Когда Ося с матерью работали в саду, я всегда была около них и старалась им помогать, делать то же, что они: полола траву на клумбах, мела дорожки, увозила сор на тачке. И старуха относилась очень серьезно к тому, что я делала, не как к игре, а как к настоящему делу. Она никогда не хвалила меня, не порицала, а молча показывала, как за что надо взяться. Когда они работали, они вообще не разговаривали ни между собой, ни со мной. И я привыкла молча быть около них. Старуха не позволяла мне поливать цветы, не позволяла даже подходить к ним, потому что лейки были очень тяжелые, и я, поднимая их, обливала свои нарядные сапожки. Это меня страшно огорчало. Наконец нам заказали лейки поменьше и полегче, и я никогда не пропускала часа на заходе солнца, когда Ося с матерью, гремя пустыми лейками, шли за водой. И никогда мне не надоедало поливать цветы. Мне казалось, что цветы ждут не дождутся нас, особенно в жаркие дни, что они страшно наслаждаются, когда на них попадают первые капли влаги из моей лейки. Я так помню острый запах мокрой земли и благоухание цветов, только что политых! «Буде, буде, не заливай цветиков, — кричала мне старуха, грубовато отталкивая меня от клумбы, — что зря воду льешь?» — «Дай, я только георгины полью!» — умоляла я ее, когда видела, как из ее лейки сильная струя воды, сверкая на солнце, ниспадала на высокие кусты георгин. «Погоди маленько, годочек-другой, а пока росточком не вышла».

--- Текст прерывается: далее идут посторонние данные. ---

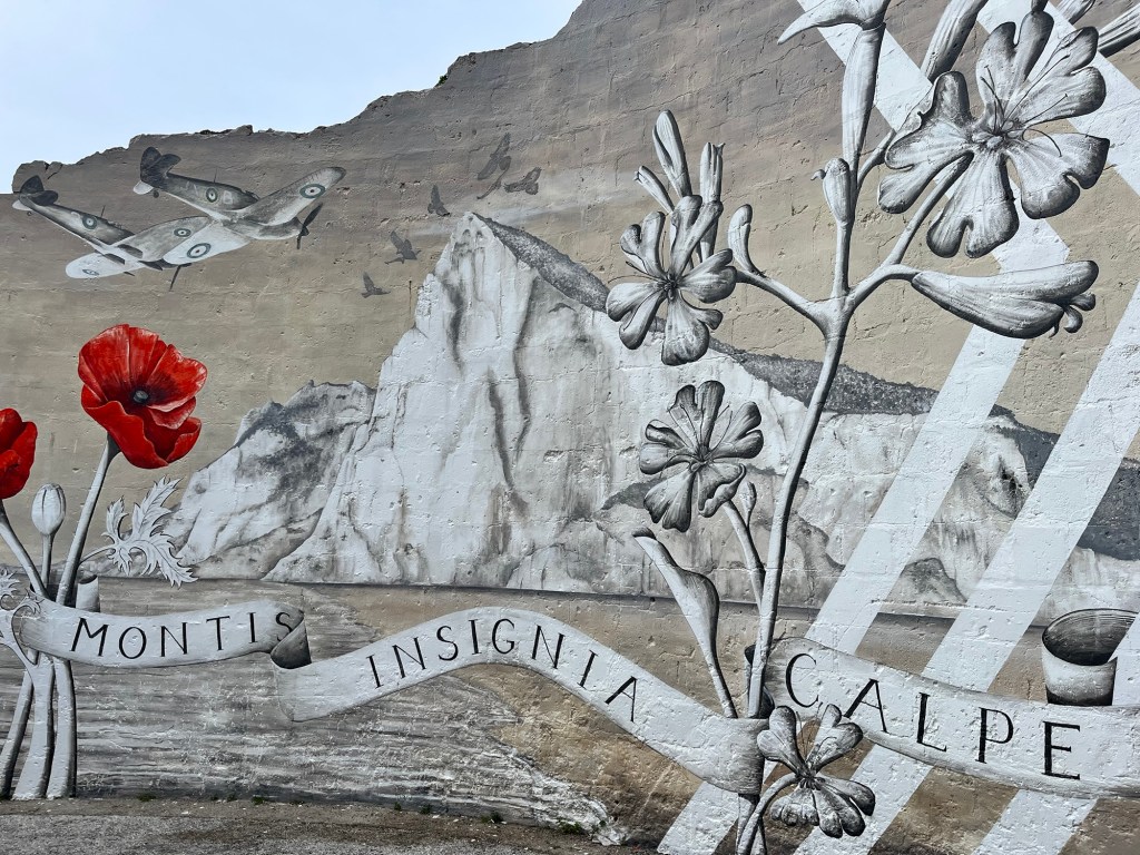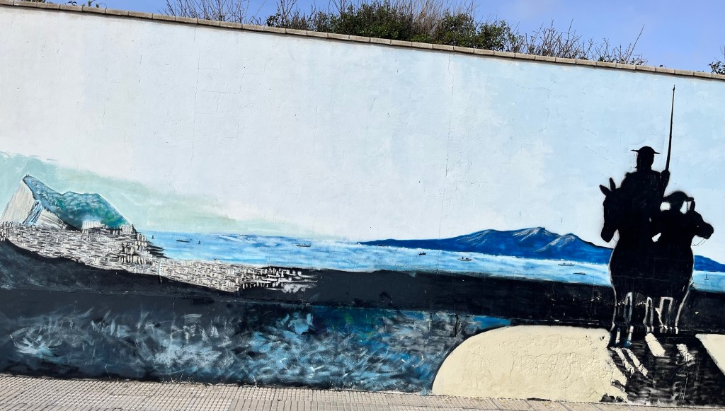 The best way to visit the territory is to park in La Linea near the border and walk across. Walking towards the border, we were greeted by this patriotic mural, featuring Picasso’s Don Quixote, a sketch of the Spanish literary hero and his sidekick, Sancho Panza, in this instance staring disapprovingly at the territory of Gibraltar.

Они работали у нас каждое лето в саду, и весной, собираясь на дачу, я заранее радовалась встрече с ними. За год до продажи нашей дачи старуха сказала мне: «И мы к вам не поедем больше работать, шабаш. Девку просватали, замуж идет. Прощевайся со своей подруженькой».
Всей прислуги у нас, с двумя дворниками, оставшимися в Москве, было человек двадцать, не считая их детей. И всем этим штатом единовластно управляла моя мать. Я не помню, чтобы отец во что-нибудь вмешивался, кроме разве своей конюшни. Был у нее и управляющий, тот самый «министр двора», как называла его мать. Но это был безличный, безгласный исполнитель материнских распоряжений. Мать принимала у него счета и проверяла их каждый день. Но сама вникала во все и всем распоряжалась. Она нанимала и рассчитывала прислугу, — правда, уходила прислуга редко, жила много лет у нас, — распределяла их занятия, следила за исполнением работ. Всегда сама разбирала возникавшие между ними недоразумения. И все это быстро, решительно, без лишних слов.
В доме у нас царил образцовый порядок, все делалось вовремя, без суеты и крика, как в нашей детской жизни, так и в жизни нашей прислуги. Ребенком я думала, что все делается само собой и что иначе не может быть. Когда мы летом шли брать ванну, мы проходили буфетной, там Гриша всегда в это время чистил медную посуду — самовары, тазы. В девичьей — за ней была ванная комната — Марья Львовна, нагнувшись над столом, кроила что-то или заготовляла шитье. Матреша строчила на ножной машине, горничные Дуня и Поля, прибрав все комнаты, сидели тут же и шили на руках, подшивали или подрубливали. Наша няня приготовляла ванну: разводила при нас в ней куски морской соли, и мы садились в нее ровно в одиннадцать часов. Затем мы бежали в сад, куда нам на тарелке приносили кусочки сырого мяса на черном хлебе, посыпанном солью. Это было куда приятнее рыбьего жира, который мы должны были глотать зимой. Ровно в двенадцать раздавался звон небольшого колокола, подвешенного на дворе, и в девичьей складывалась работа, и все шли в людскую обедать. Сидели за столом не долго. Ели они мясные щи с кашей, или лапшу, или картофельную похлебку, всегда с мясом.